Find the line containing "Im Bild: Freude" in the listing below; reproduce it and every line after, exactly. Skip pictures.
----- SUPPLIED MATERIAL -----
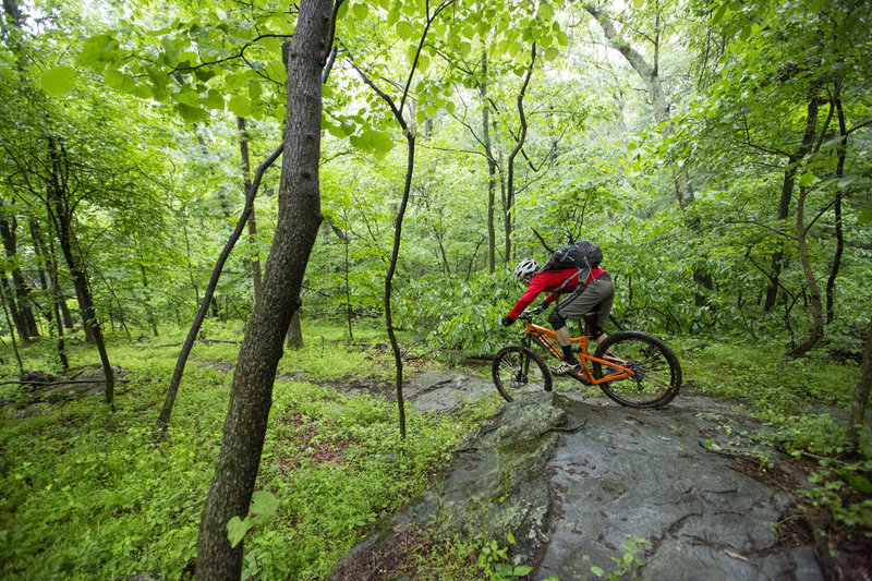 “Dropping into the green on the Emmitsburg advanced trail.”
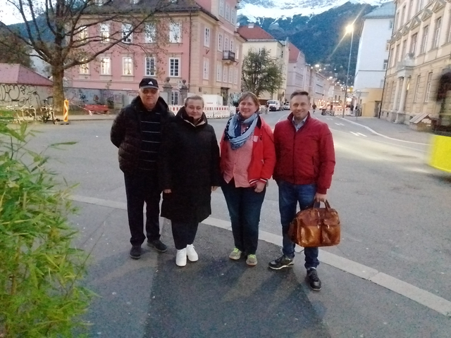 Im Bild: Freude beim Besuch in Tirol: Halyna Tsaryk, Pfarrer Jaroslav, den Dolmetsch Dr. Volodymyr Horbal und Dr. Karoline Knitel
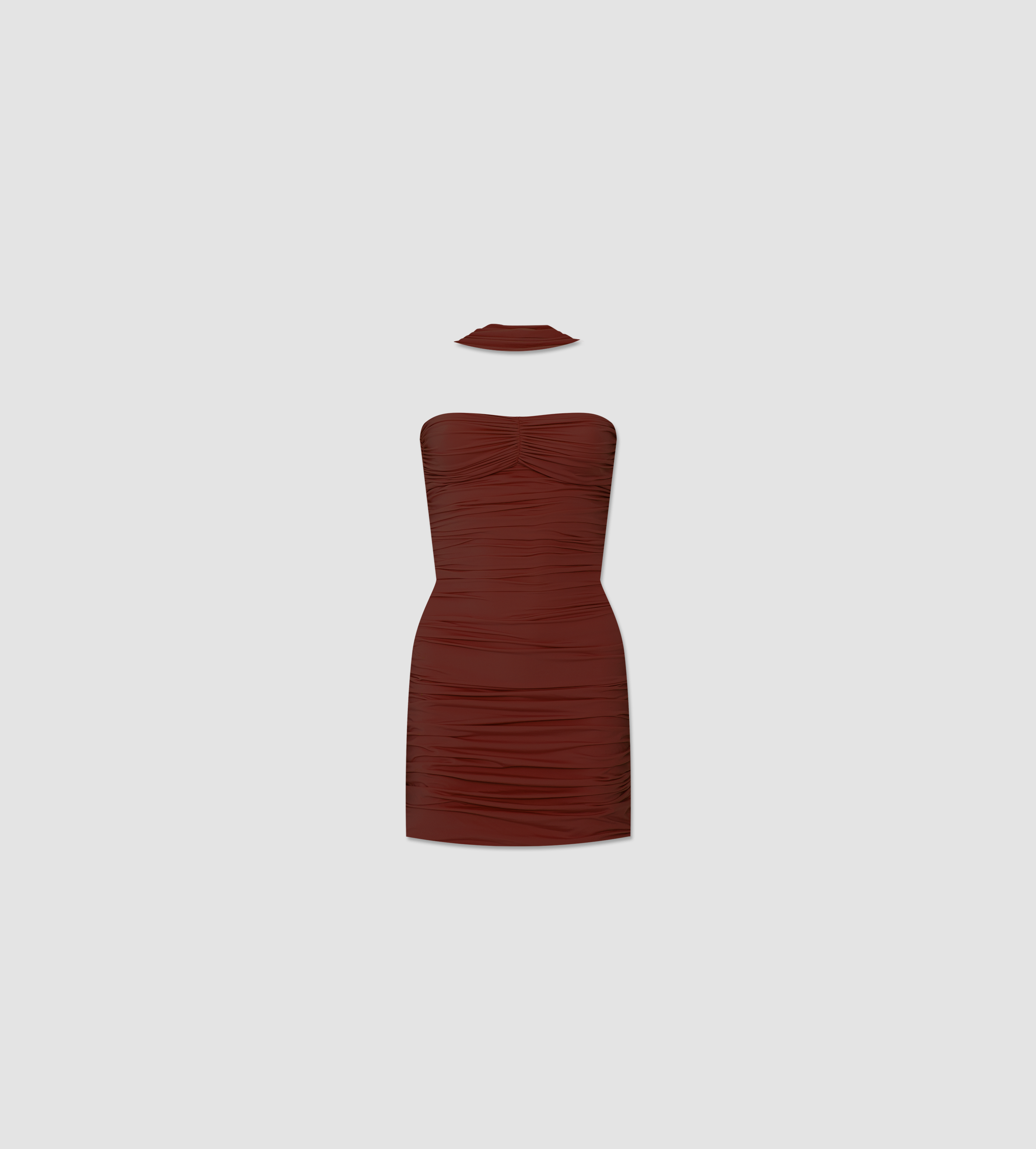 Our Quimera mini dress presents a versatile and creative design, with a semi-sweetheart neckline, fitted ruched silhouette, multifunctional sash/straps detail, cut-out open back and 3D handmade floral detail, we provide you with 3 styling options — let's discover many more.
-----
### ANSWER BOX
 Im Bild: Freude beim Besuch in Tirol: Halyna Tsaryk, Pfarrer Jaroslav, den Dolmetsch Dr. Volodymyr Horbal und Dr. Karoline Knitel
 Our Quimera mini dress presents a versatile and creative design, with a semi-sweetheart neckline, fitted ruched silhouette, multifunctional sash/straps detail, cut-out open back and 3D handmade floral detail, we provide you with 3 styling options — let's discover many more.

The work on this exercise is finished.